### What is required
Exact repetition of a range: find the line containing "Грузоподъемность данного пенополиуретанового" and the line containing "Conjunto de armario" in the material below, then repeat both and all lines between them, leaving pictures out.

### Material provided
###
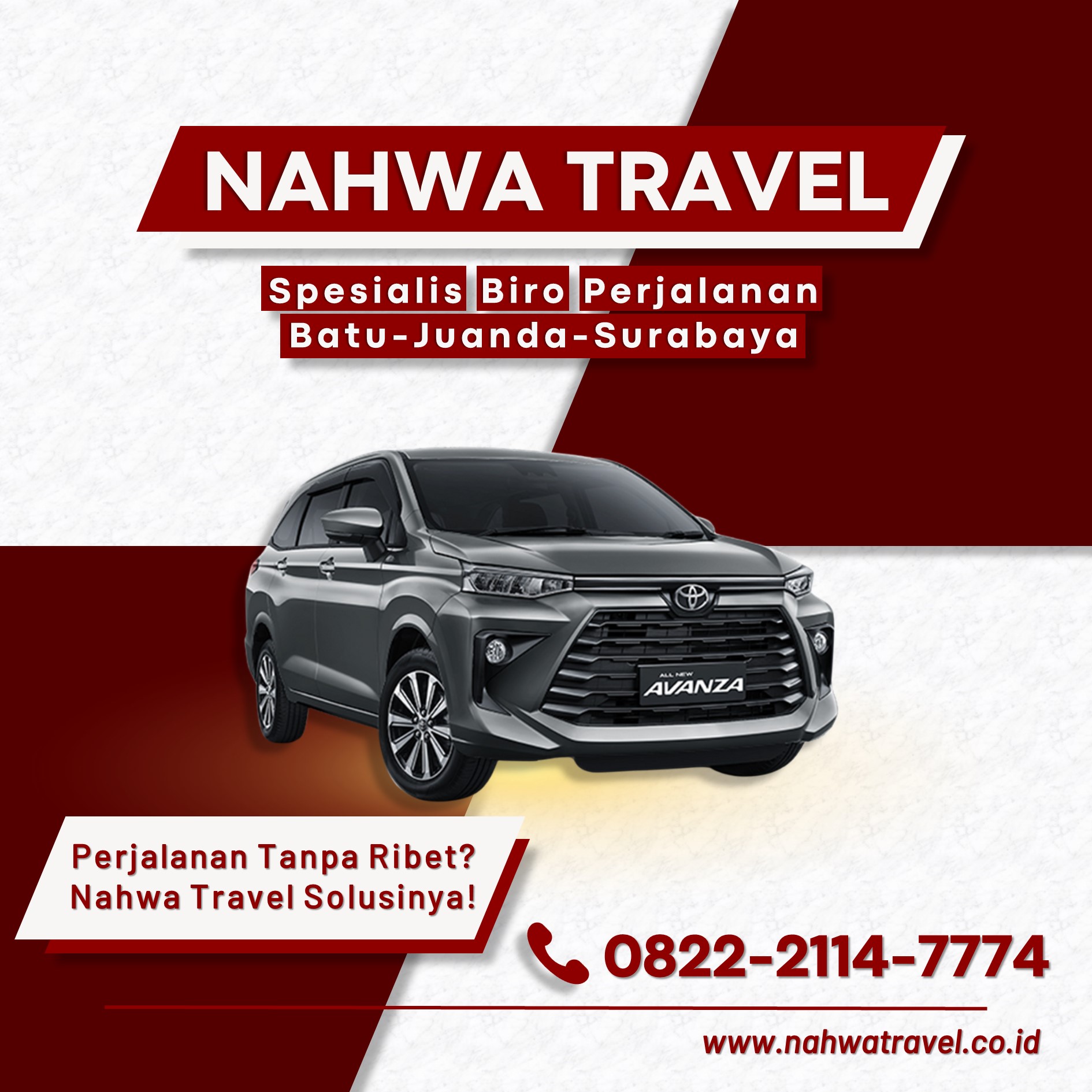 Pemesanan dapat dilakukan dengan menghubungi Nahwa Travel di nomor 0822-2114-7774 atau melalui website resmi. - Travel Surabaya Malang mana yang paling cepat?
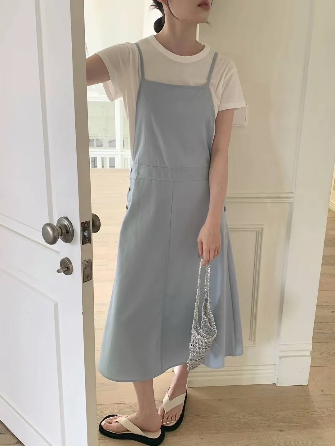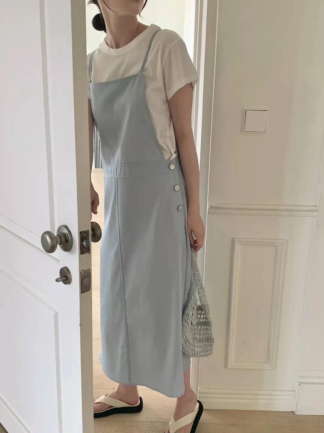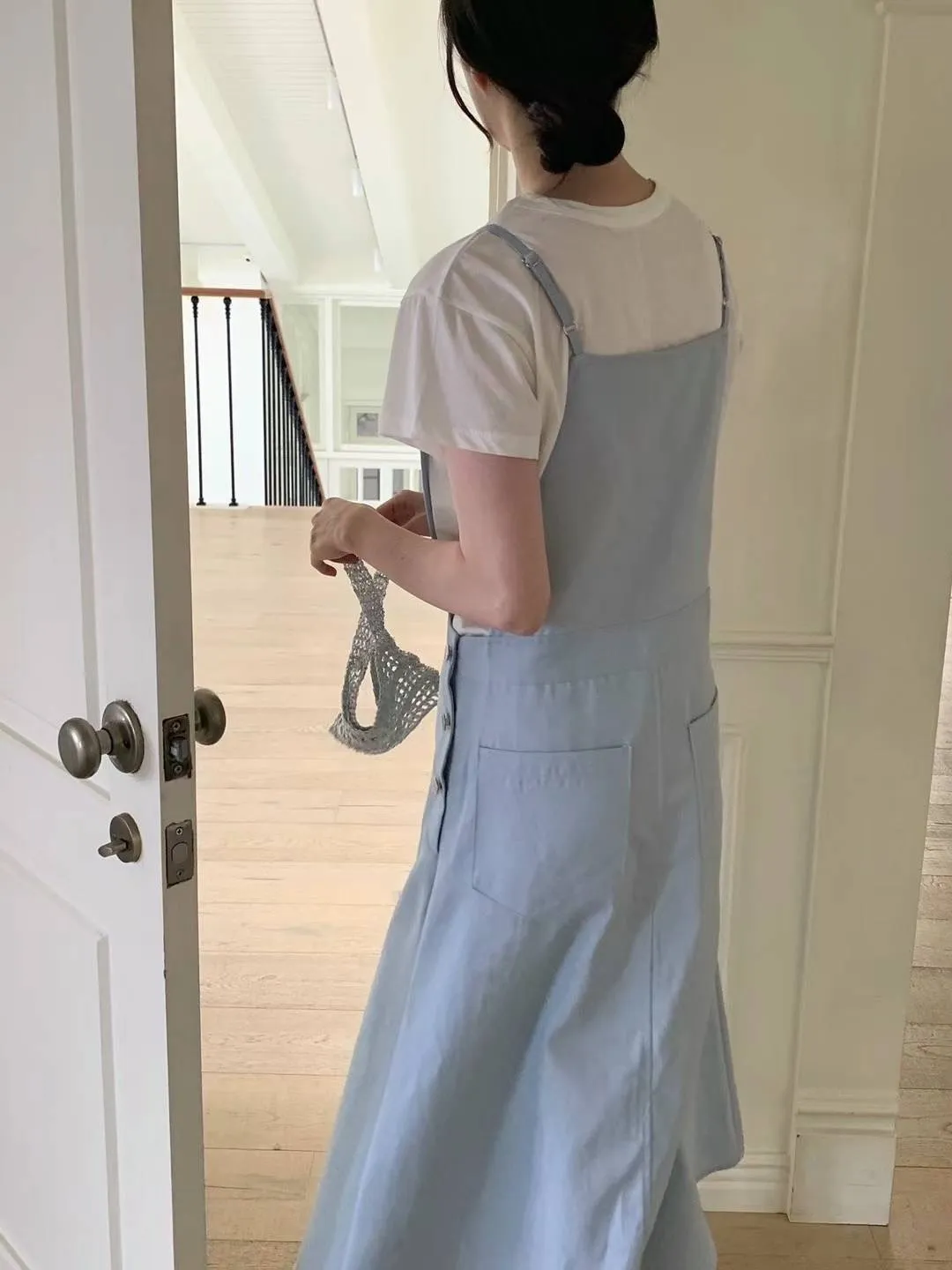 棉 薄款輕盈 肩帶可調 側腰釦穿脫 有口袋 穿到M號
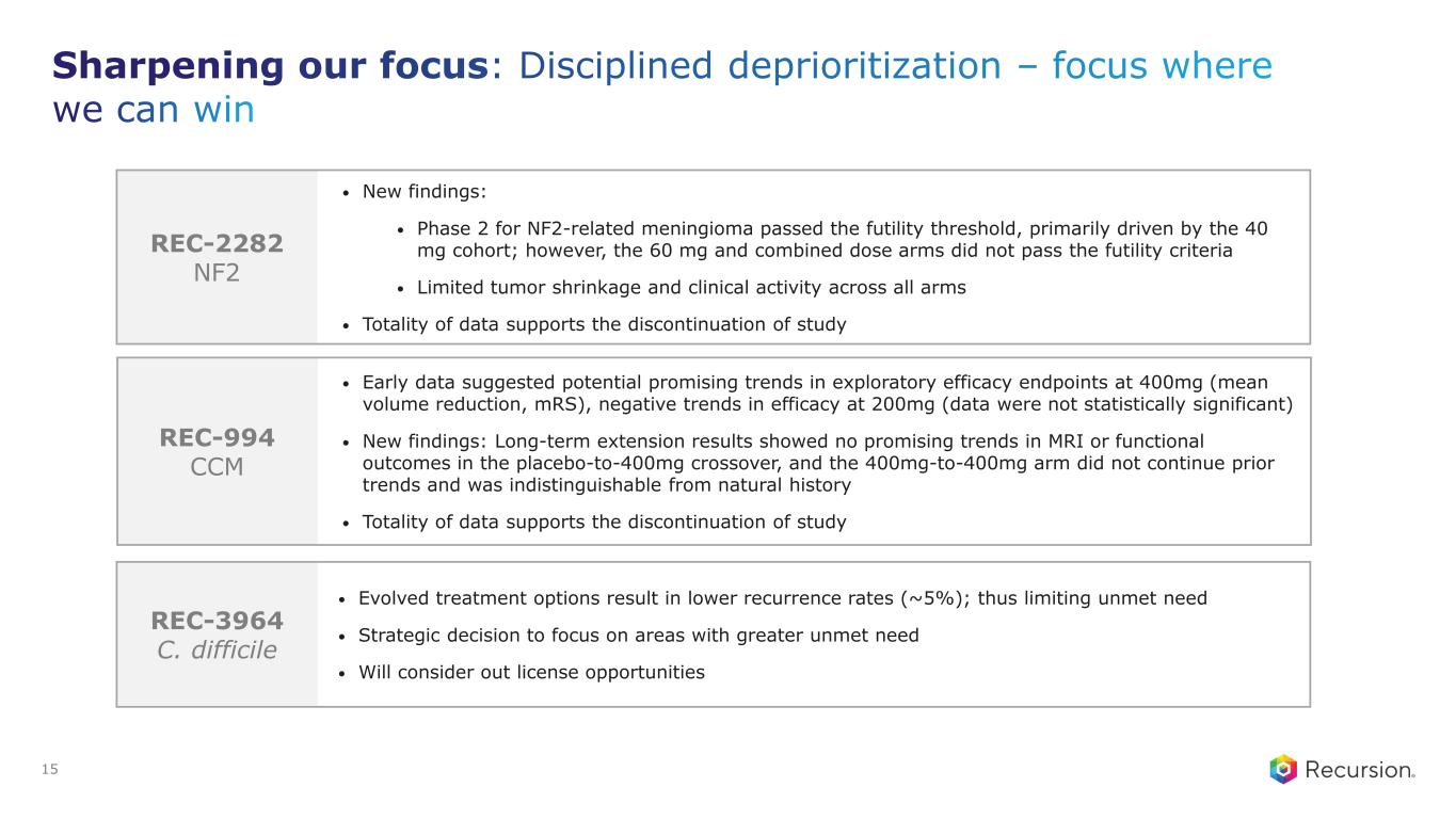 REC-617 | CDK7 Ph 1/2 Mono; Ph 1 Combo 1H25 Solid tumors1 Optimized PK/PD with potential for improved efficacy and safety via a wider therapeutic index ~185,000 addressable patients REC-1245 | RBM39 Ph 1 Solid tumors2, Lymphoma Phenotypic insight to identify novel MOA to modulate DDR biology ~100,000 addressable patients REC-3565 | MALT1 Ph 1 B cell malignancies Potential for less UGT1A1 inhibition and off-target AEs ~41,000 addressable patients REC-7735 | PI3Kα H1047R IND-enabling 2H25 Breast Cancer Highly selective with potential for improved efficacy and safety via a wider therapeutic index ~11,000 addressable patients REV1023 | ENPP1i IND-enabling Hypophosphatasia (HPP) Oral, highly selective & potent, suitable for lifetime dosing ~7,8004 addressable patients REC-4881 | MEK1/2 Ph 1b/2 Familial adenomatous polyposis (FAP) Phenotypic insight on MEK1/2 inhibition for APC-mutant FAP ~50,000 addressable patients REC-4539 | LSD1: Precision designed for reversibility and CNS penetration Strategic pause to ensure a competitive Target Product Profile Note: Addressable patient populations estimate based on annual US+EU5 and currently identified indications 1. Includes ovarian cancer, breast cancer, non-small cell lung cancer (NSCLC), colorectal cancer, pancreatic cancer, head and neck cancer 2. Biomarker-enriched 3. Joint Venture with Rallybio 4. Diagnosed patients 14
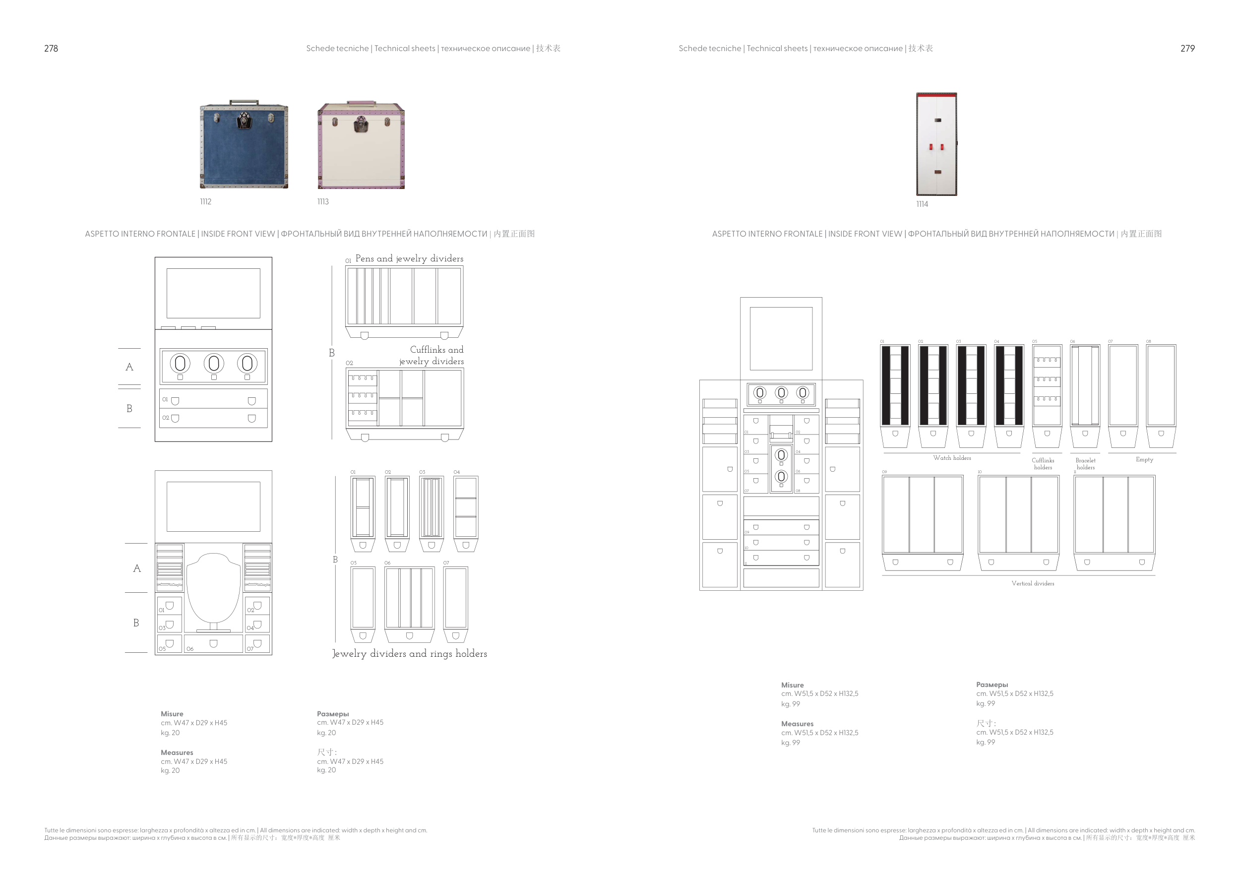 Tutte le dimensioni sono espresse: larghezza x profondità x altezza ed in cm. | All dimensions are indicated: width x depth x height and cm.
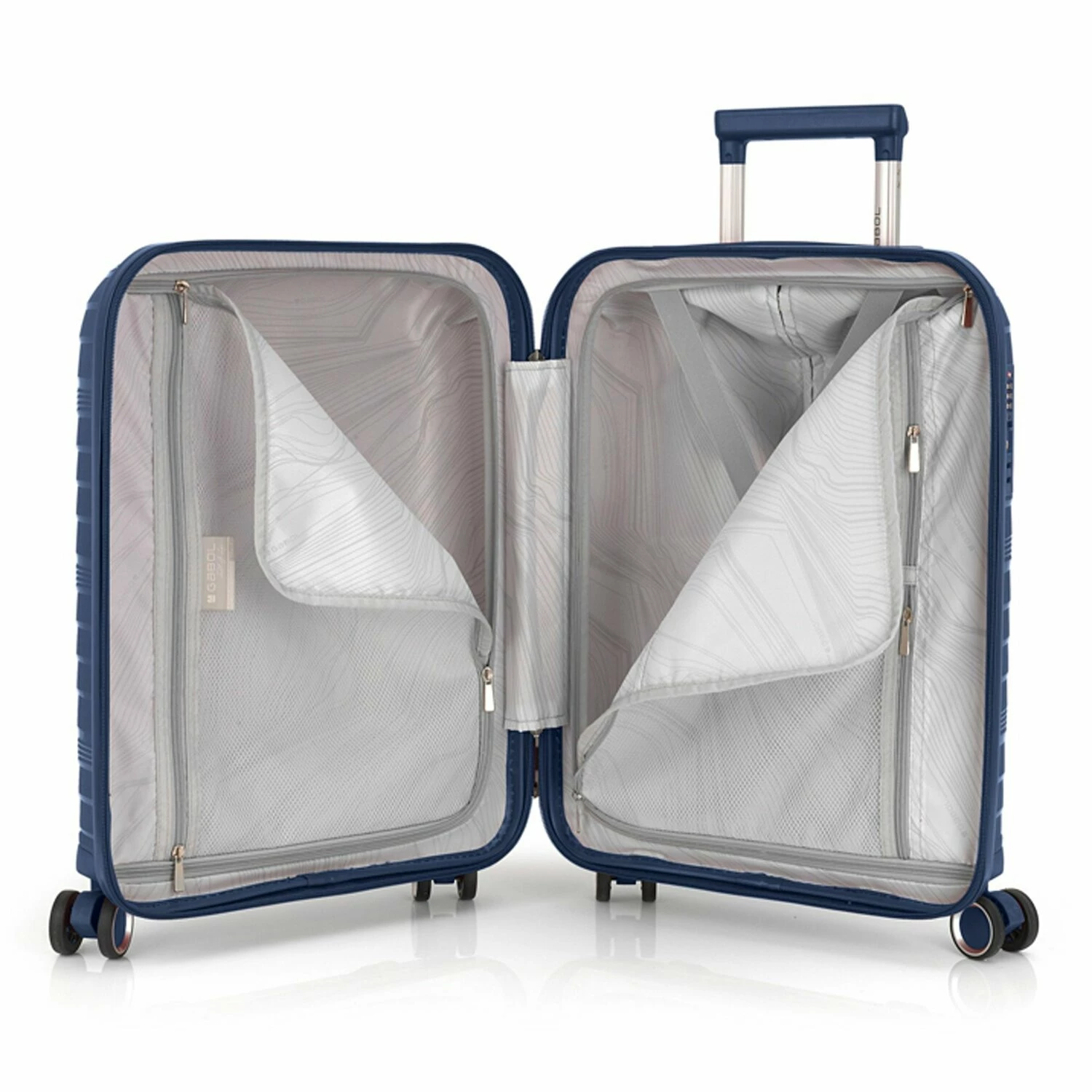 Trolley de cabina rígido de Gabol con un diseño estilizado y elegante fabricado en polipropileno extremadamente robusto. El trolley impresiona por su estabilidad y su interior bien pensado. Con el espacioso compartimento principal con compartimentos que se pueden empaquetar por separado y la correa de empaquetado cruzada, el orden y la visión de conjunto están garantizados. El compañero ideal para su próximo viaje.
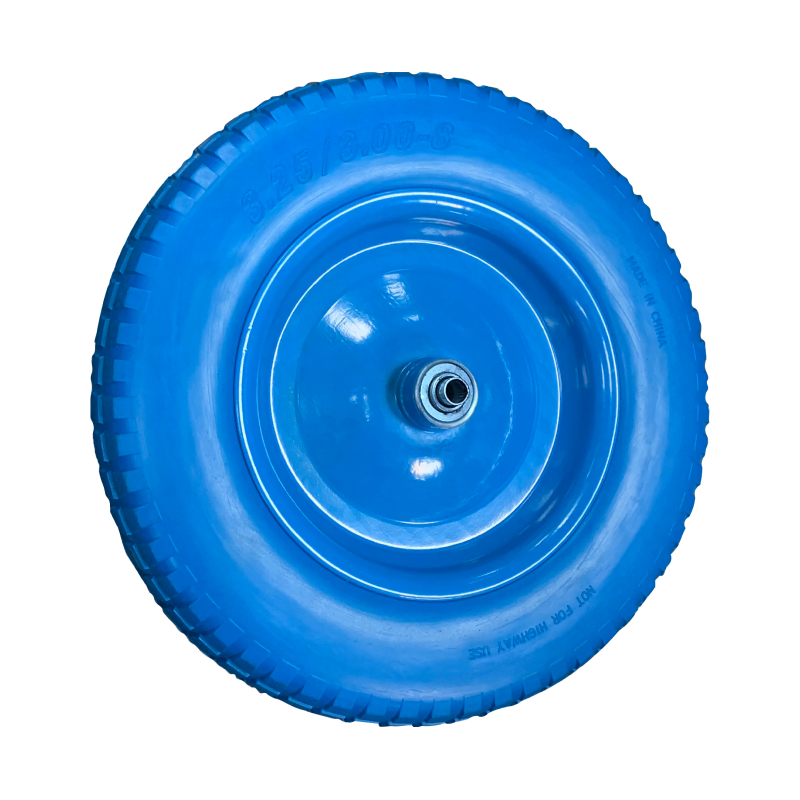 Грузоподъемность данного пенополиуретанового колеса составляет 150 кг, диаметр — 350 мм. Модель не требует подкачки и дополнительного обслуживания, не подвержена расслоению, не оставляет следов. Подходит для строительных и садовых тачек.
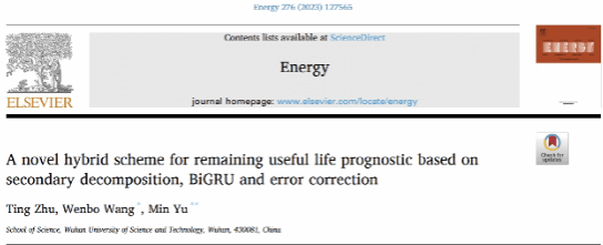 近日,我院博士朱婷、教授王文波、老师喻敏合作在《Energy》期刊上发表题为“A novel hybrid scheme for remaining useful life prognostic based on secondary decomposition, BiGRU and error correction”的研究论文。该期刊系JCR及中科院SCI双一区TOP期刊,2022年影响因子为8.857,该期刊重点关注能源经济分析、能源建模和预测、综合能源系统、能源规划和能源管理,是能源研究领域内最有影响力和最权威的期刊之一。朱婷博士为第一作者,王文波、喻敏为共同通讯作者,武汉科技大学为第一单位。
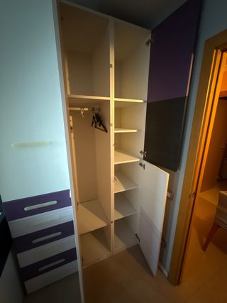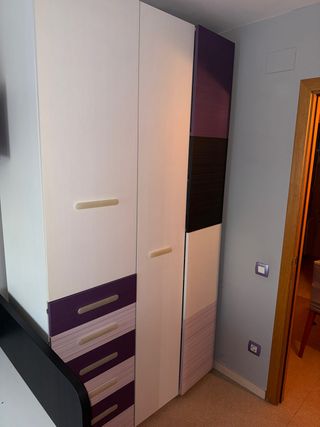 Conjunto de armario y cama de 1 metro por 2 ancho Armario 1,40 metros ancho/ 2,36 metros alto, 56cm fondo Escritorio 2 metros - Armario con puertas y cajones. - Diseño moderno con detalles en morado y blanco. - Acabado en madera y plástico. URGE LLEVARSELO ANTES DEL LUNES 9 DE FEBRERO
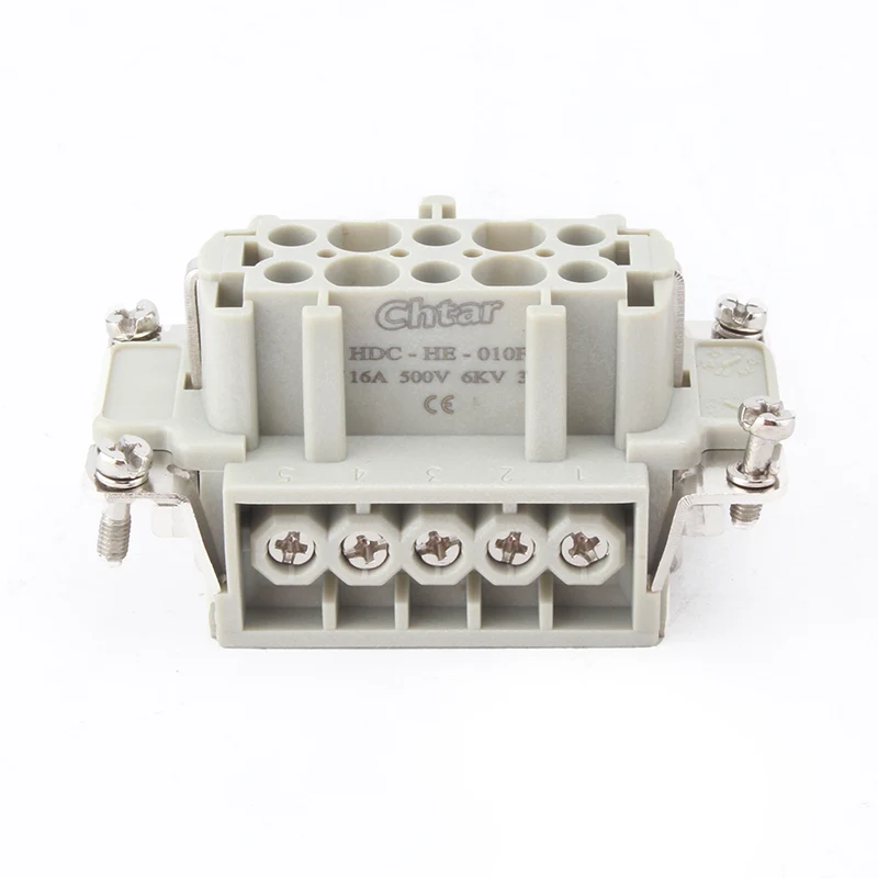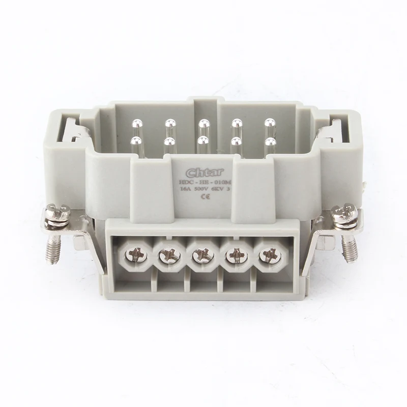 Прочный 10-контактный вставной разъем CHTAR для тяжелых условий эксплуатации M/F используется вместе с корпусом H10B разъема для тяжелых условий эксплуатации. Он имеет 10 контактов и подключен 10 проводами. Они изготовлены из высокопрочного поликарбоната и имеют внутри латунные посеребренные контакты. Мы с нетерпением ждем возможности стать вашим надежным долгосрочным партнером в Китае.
###
### Response to the exercise
 Грузоподъемность данного пенополиуретанового колеса составляет 150 кг, диаметр — 350 мм. Модель не требует подкачки и дополнительного обслуживания, не подвержена расслоению, не оставляет следов. Подходит для строительных и садовых тачек.
 近日,我院博士朱婷、教授王文波、老师喻敏合作在《Energy》期刊上发表题为“A novel hybrid scheme for remaining useful life prognostic based on secondary decomposition, BiGRU and error correction”的研究论文。该期刊系JCR及中科院SCI双一区TOP期刊,2022年影响因子为8.857,该期刊重点关注能源经济分析、能源建模和预测、综合能源系统、能源规划和能源管理,是能源研究领域内最有影响力和最权威的期刊之一。朱婷博士为第一作者,王文波、喻敏为共同通讯作者,武汉科技大学为第一单位。
 Conjunto de armario y cama de 1 metro por 2 ancho Armario 1,40 metros ancho/ 2,36 metros alto, 56cm fondo Escritorio 2 metros - Armario con puertas y cajones. - Diseño moderno con detalles en morado y blanco. - Acabado en madera y plástico. URGE LLEVARSELO ANTES DEL LUNES 9 DE FEBRERO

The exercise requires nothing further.